WHAT TO WORK ON -
Please write out the lines of the data exactly, beginning with the first and ending with the line containing "Ja Kurzemē jau"; leave the pictures behind.
Start of SOURCE MATERIAL
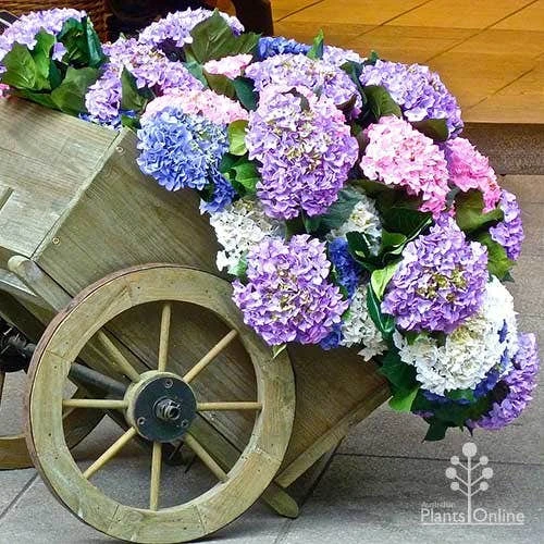 Our assortment includes mostly Mopheads: the most recognisable variety with large dome-shaped clusters of pastel flowers in pink or blue, occasionally white; and sometimes Lacecaps: as the name suggests, a delicate flowering form with lacy open clusters of florets. They are both beautiful and are sold as assorted. Treat yourself to a little surprise!
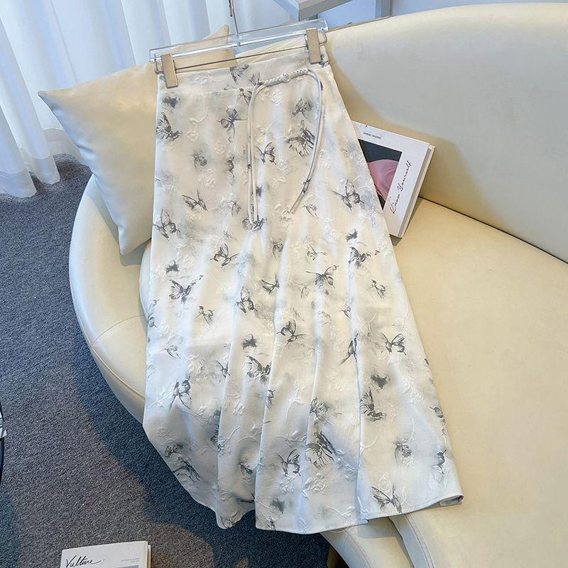 Юбка миди с принтом бабочек в китайском стиле, женская летняя жаккардовая юбка с пуговицами в неокитайском стиле, длинная юбка А-силуэта с цветочным принтом, элегантная, с высокой талией
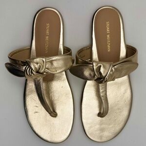 Stuart Weitzman Bandeau Gold Leather T-Strap Slide Sandal w Bow Size 6-6.5
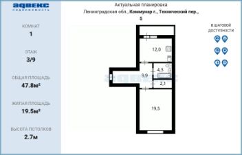 Квартира находится на третьем этаже в современном ЖК Надежный.
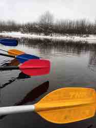 Ja Kurzemē jau zied sniegpulksteņi un Papes ezera pļavās bļaustās dzērves, sinoptiķu ziņu lentēs par Vidzemi un Latgali vēl ik pa brīdim parādās info par -20 °C, kas citiem vārdiem nozīmē, ka upes varētu būt aizsalušas. Pirms doties airēt Aivieksti, sazināmies gandrīz ar visiem iespējamiem, mums zināmiem tā “rajona” cilvēkiem. Gala rezultātā mūs iedrošina kundze no kempinga “Upmalas”, kas atrodas pašā Aiviekstes krastā. Viņa pārliecinoši stāsta, ka upē ledus izgājis jau labu laiku atpakaļ, bet šobrīd lejā pa straumi laižas vien A3 izmēra vižņi un ir mazliet piesaluši krasti. Citādi upe ir brīva.
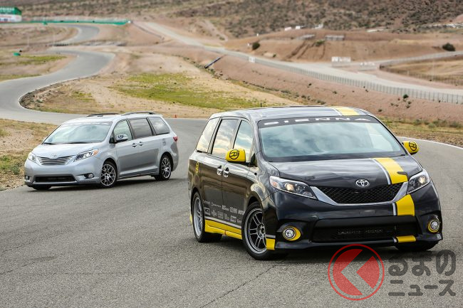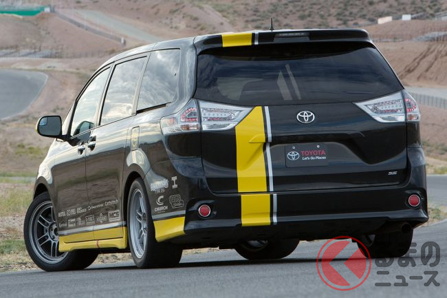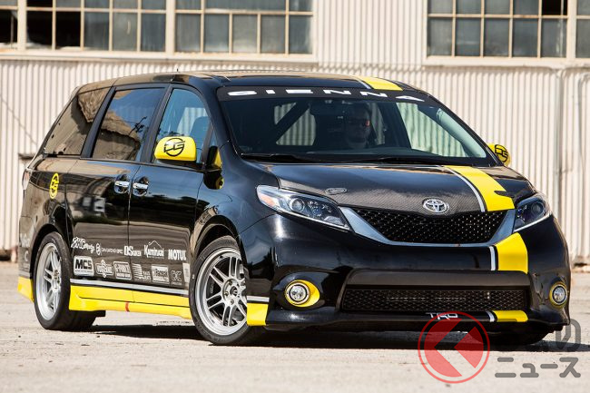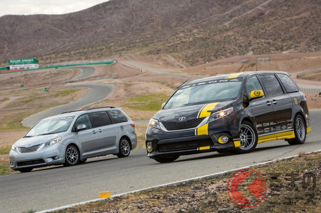 トヨタの北米法人が2015年のSEMAショーにあわせて開発した「シエナ Rチューンドコンセプト」は、トヨタが北米を中心に展開するミニバン「シエナ」の先代モデルをベースに、機械式クラッチやアジャスタブルショックアブソーバー、高性能ブレーキ、ハイパフォーマンスタイヤなどを装着。
End of SOURCE MATERIAL
ANSWER -
 Our assortment includes mostly Mopheads: the most recognisable variety with large dome-shaped clusters of pastel flowers in pink or blue, occasionally white; and sometimes Lacecaps: as the name suggests, a delicate flowering form with lacy open clusters of florets. They are both beautiful and are sold as assorted. Treat yourself to a little surprise!
 Юбка миди с принтом бабочек в китайском стиле, женская летняя жаккардовая юбка с пуговицами в неокитайском стиле, длинная юбка А-силуэта с цветочным принтом, элегантная, с высокой талией
 Stuart Weitzman Bandeau Gold Leather T-Strap Slide Sandal w Bow Size 6-6.5
 Квартира находится на третьем этаже в современном ЖК Надежный.
 Ja Kurzemē jau zied sniegpulksteņi un Papes ezera pļavās bļaustās dzērves, sinoptiķu ziņu lentēs par Vidzemi un Latgali vēl ik pa brīdim parādās info par -20 °C, kas citiem vārdiem nozīmē, ka upes varētu būt aizsalušas. Pirms doties airēt Aivieksti, sazināmies gandrīz ar visiem iespējamiem, mums zināmiem tā “rajona” cilvēkiem. Gala rezultātā mūs iedrošina kundze no kempinga “Upmalas”, kas atrodas pašā Aiviekstes krastā. Viņa pārliecinoši stāsta, ka upē ledus izgājis jau labu laiku atpakaļ, bet šobrīd lejā pa straumi laižas vien A3 izmēra vižņi un ir mazliet piesaluši krasti. Citādi upe ir brīva.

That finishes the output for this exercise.